=== Input ===
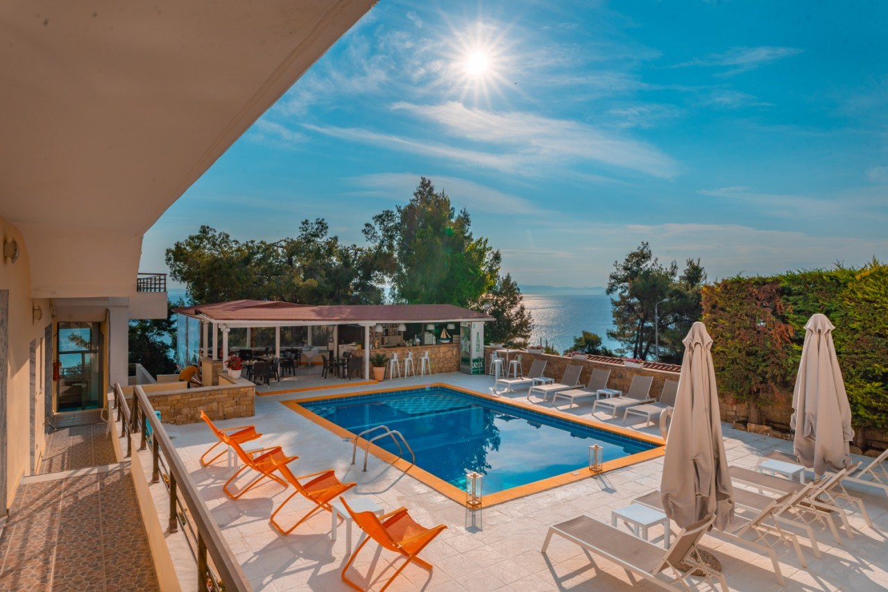 Надворешен базен (бесплатно), бар покрај базен, рецепција 24 / 7, игротека за деца
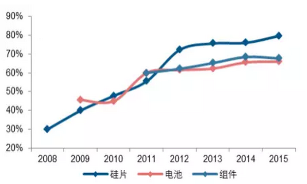 2015 年我國(guó)硅片、電池、組件環(huán)節(jié)產(chǎn)能均占全球 70%以上
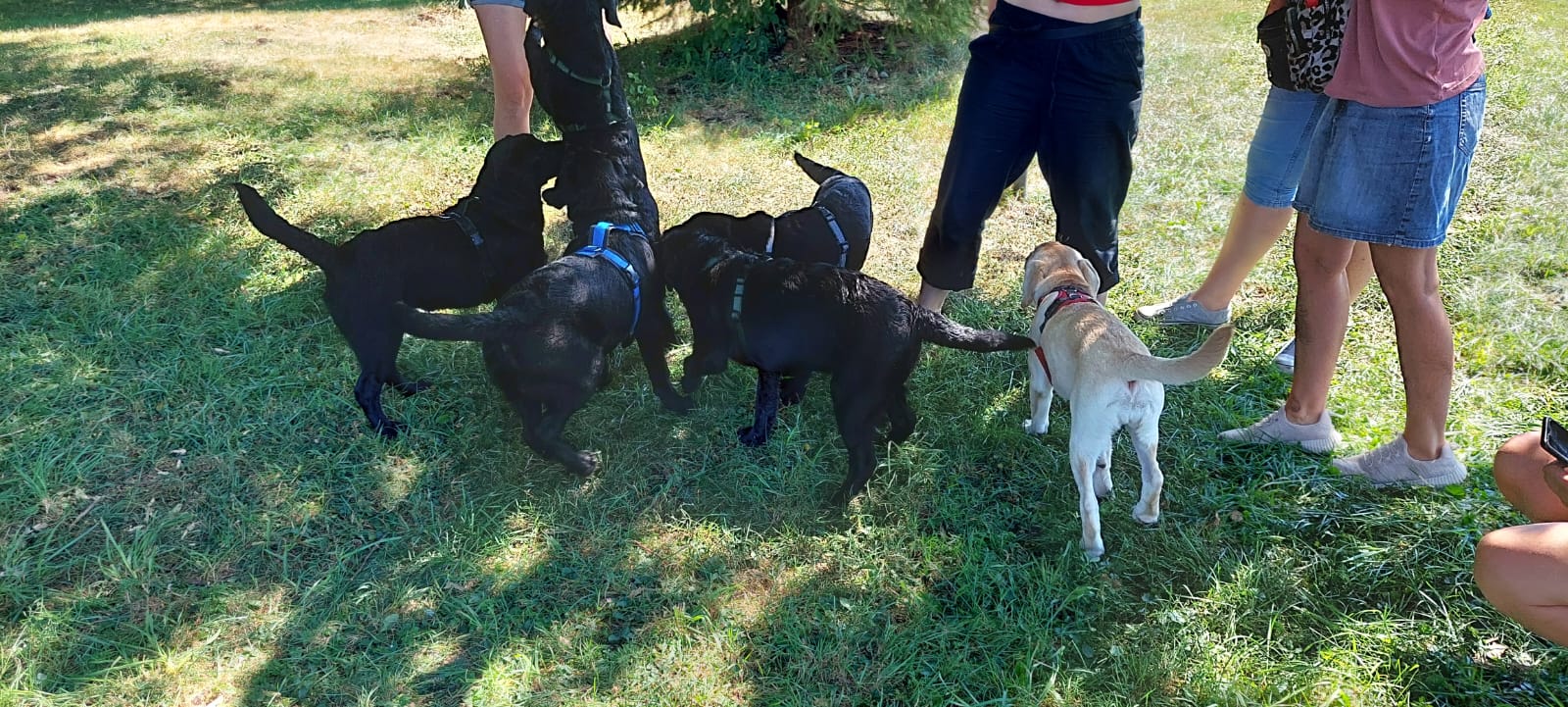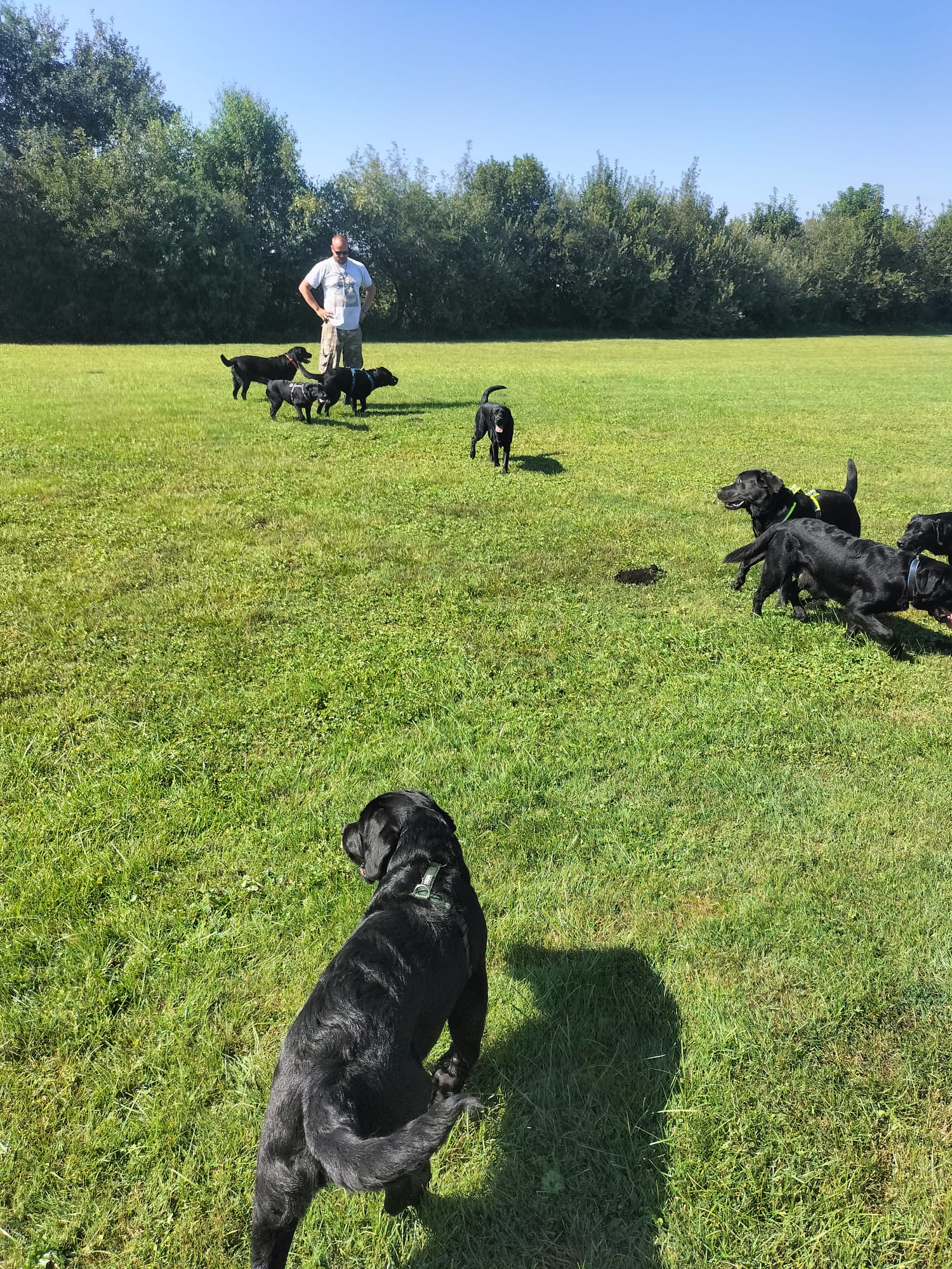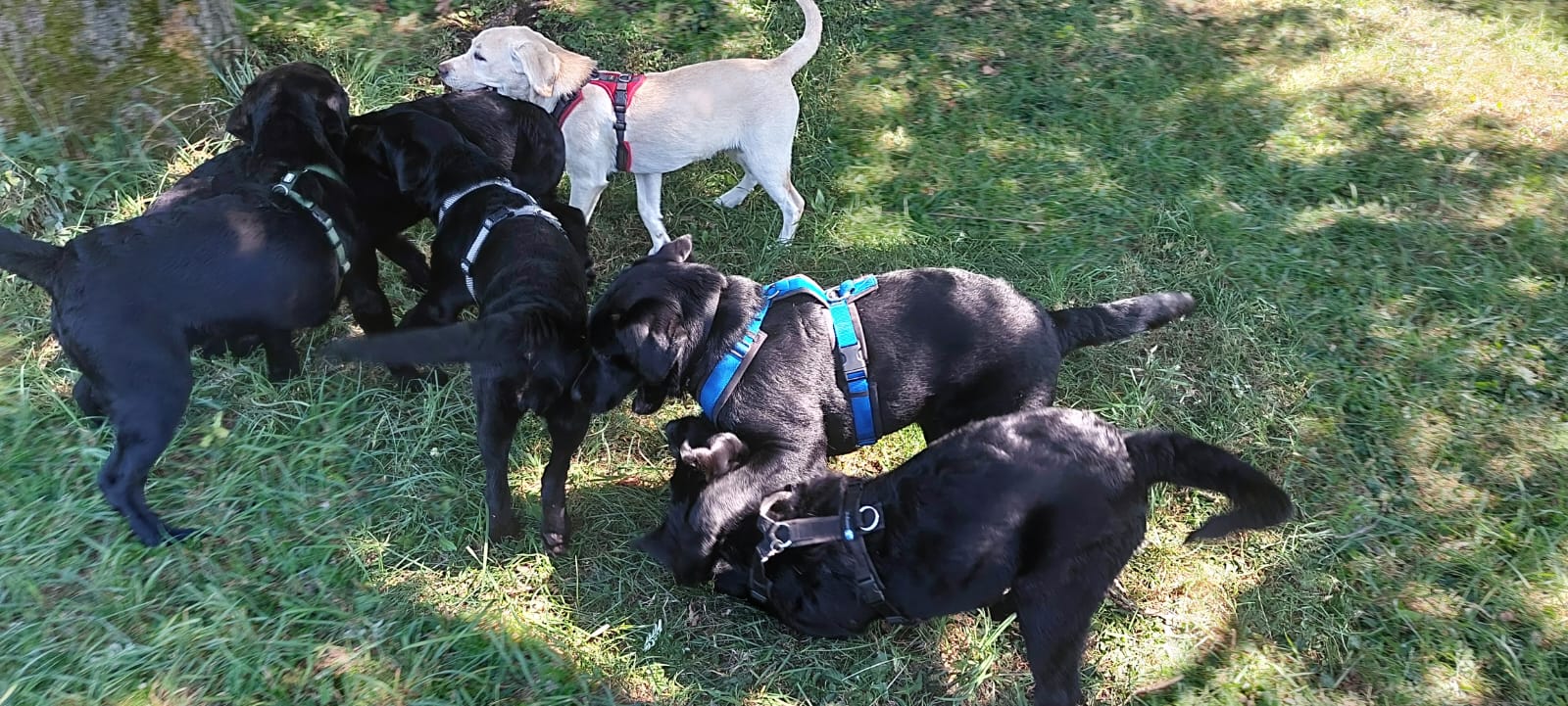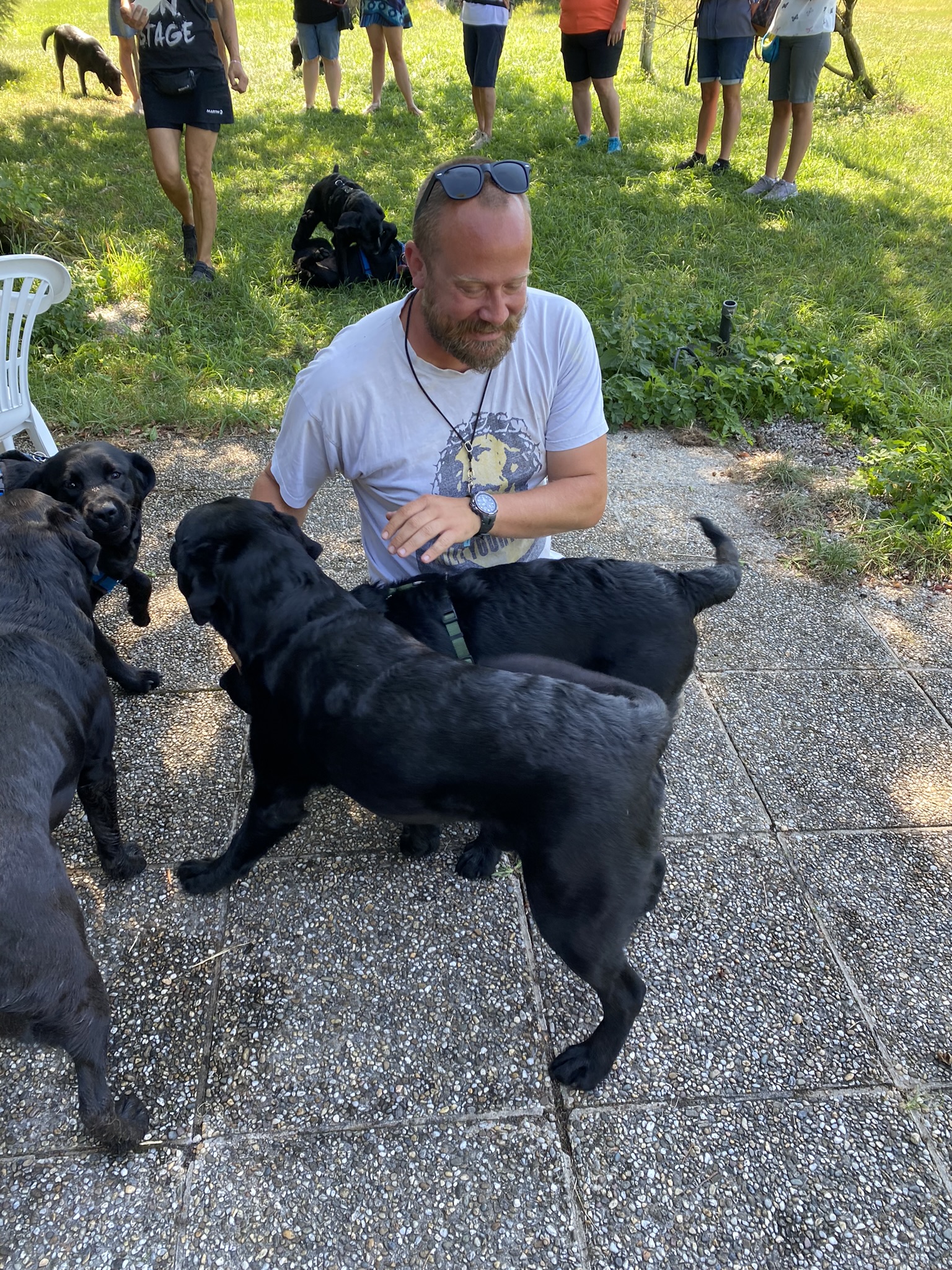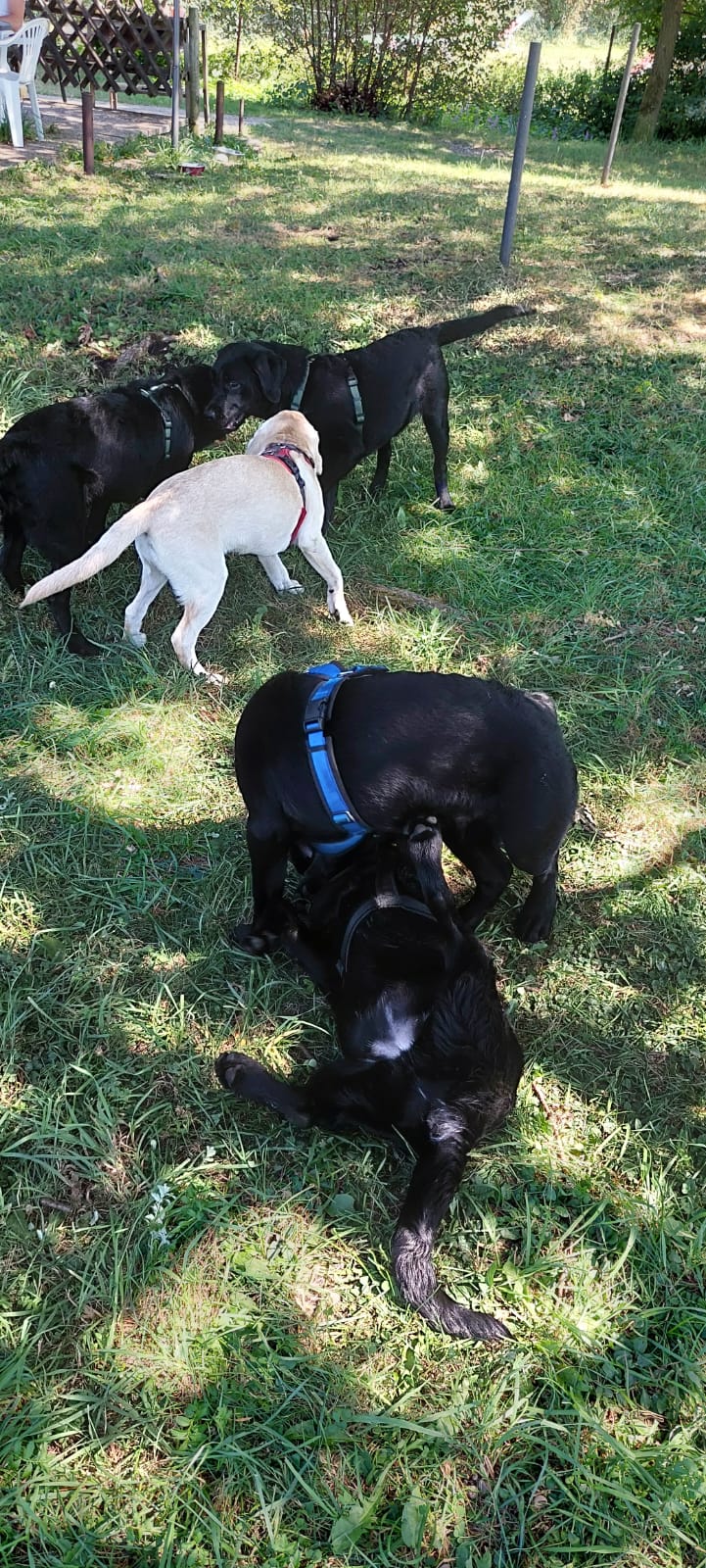 Bei strahlendem Sonnenschein und über 30 Grad, trafen letztendlich 21 Labrador Retriever, 2 altdeutsche Hütehunde (die Mitbewohnerinnen von Berti aus unserem B-Wurf), 31 Erwachsene und 7 Kinder aufeinander. Und weder bei Mensch noch Hund gab es irgendwelche gröberen Streitigkeiten. Alle Hunde haben sich zu supersozialen und fröhlichen Retrievern entwickelt – Hauptziel aller Vierbeiner war Spiel & Spaß. Und wenn es einem Hund doch zu viel wurde, wurde dies sofort von den anderen berücksichtigt und akzeptiert. Wirklich toll. Ich war diesbezüglich auch vom F-Wurf schwer beeindruckt…immerhin sind die Zwerge erst 5 Monate alt.
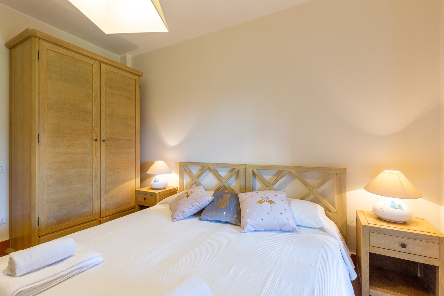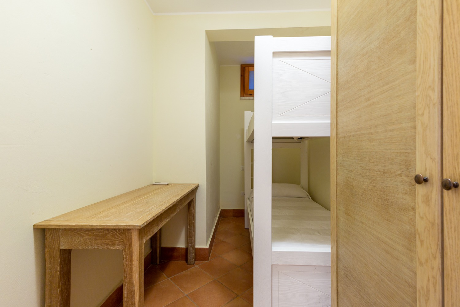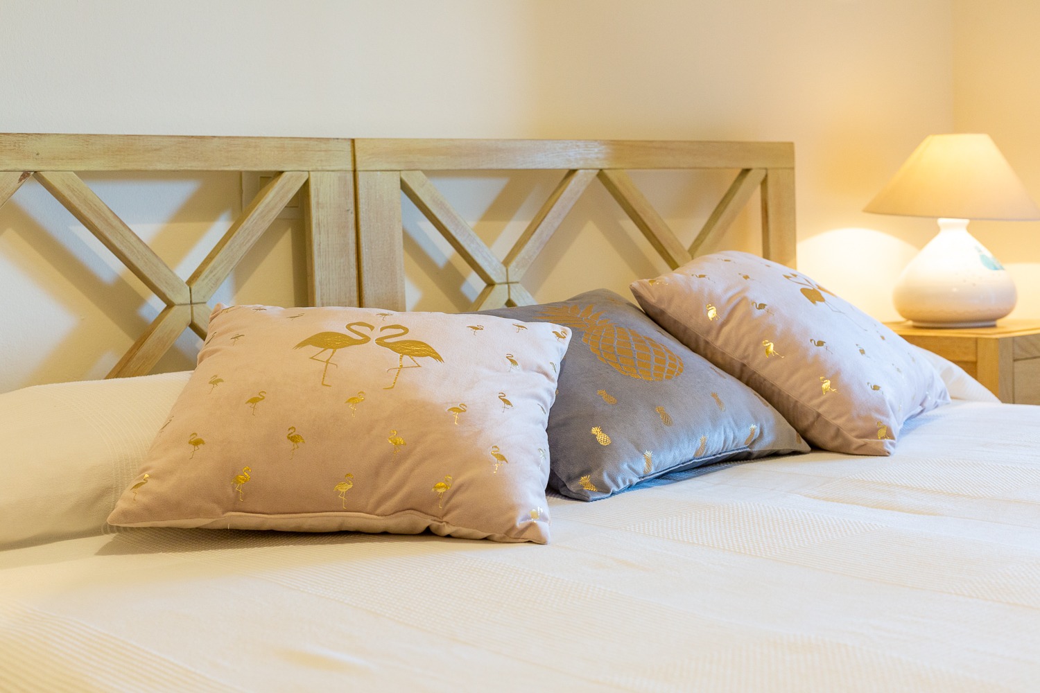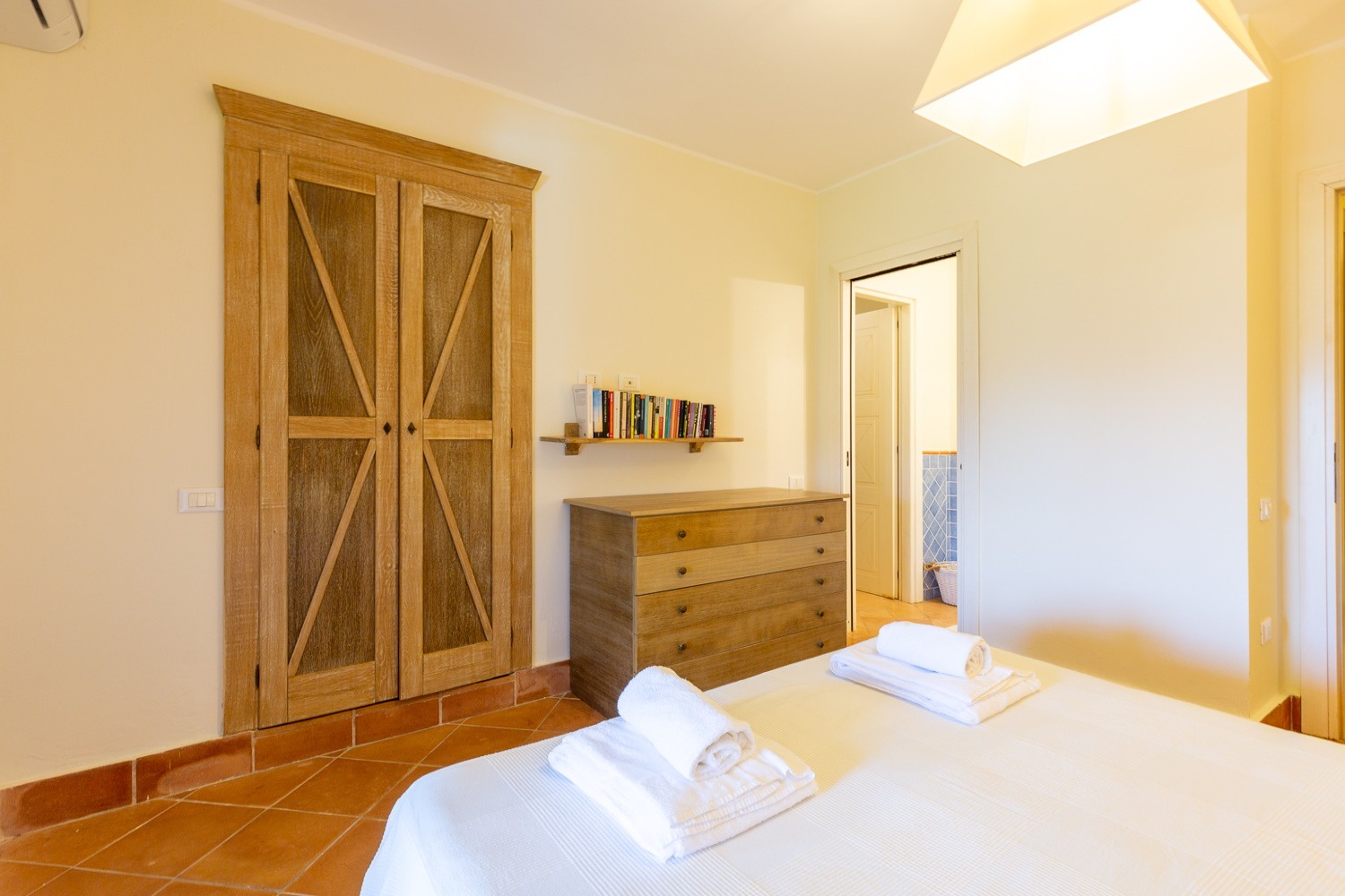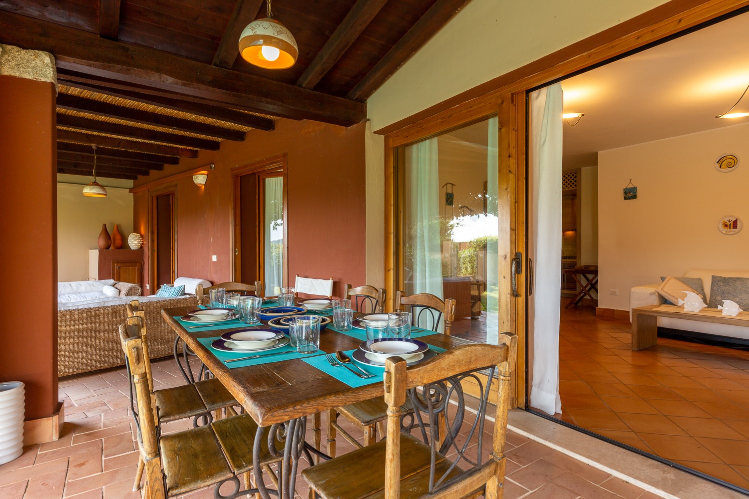 Ta przytulna willa to idealne miejsce na wakacje w otoczeniu natury. Wnętrze obejmuje przestronny salon połączony z jadalnią, z którego rozciąga się widok na basen i ogród. Z salonu można wyjść bezpośrednio na dużą, osłoniętą werandę biegnącą wzdłuż całego budynku. Kuchnia jest niewielka, ale dobrze wyposażona i funkcjonalna. W willi znajdują się trzy sypialnie – jedna z łóżkiem podwójnym i prywatnym tarasem z wyjściem do ogrodu, druga z dwoma pojedynczymi łóżkami, które można połączyć, oraz trzecia, mniejsza, z praktycznymi łóżkami piętrowymi. Goście mają do dyspozycji dwie łazienki: jedną z wanną i drugą z prysznicem.
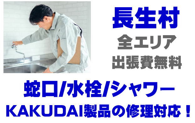 長生村で水栓メーカーKAKUDAIの修理業者をお探しなら当社までお気軽にお問い合わせください。蛇口の水漏れ、シャワーの故障などカクダイ製に関するトラブルなら何でもご相談ください。
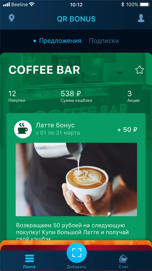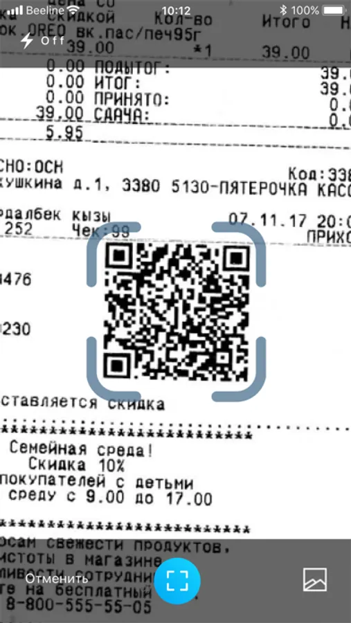 Сканируйте QR код в кассовом чеке - добавляйте любимые кафе и заведения.
===
→ **Goal of the exercise**:
Beginning with the line where "長生村で水栓メーカーKAKU" appears, transcribe the records above word for word through their last line, and include no pictures.

→ **Solution to the problem**:
 長生村で水栓メーカーKAKUDAIの修理業者をお探しなら当社までお気軽にお問い合わせください。蛇口の水漏れ、シャワーの故障などカクダイ製に関するトラブルなら何でもご相談ください。
 Сканируйте QR код в кассовом чеке - добавляйте любимые кафе и заведения.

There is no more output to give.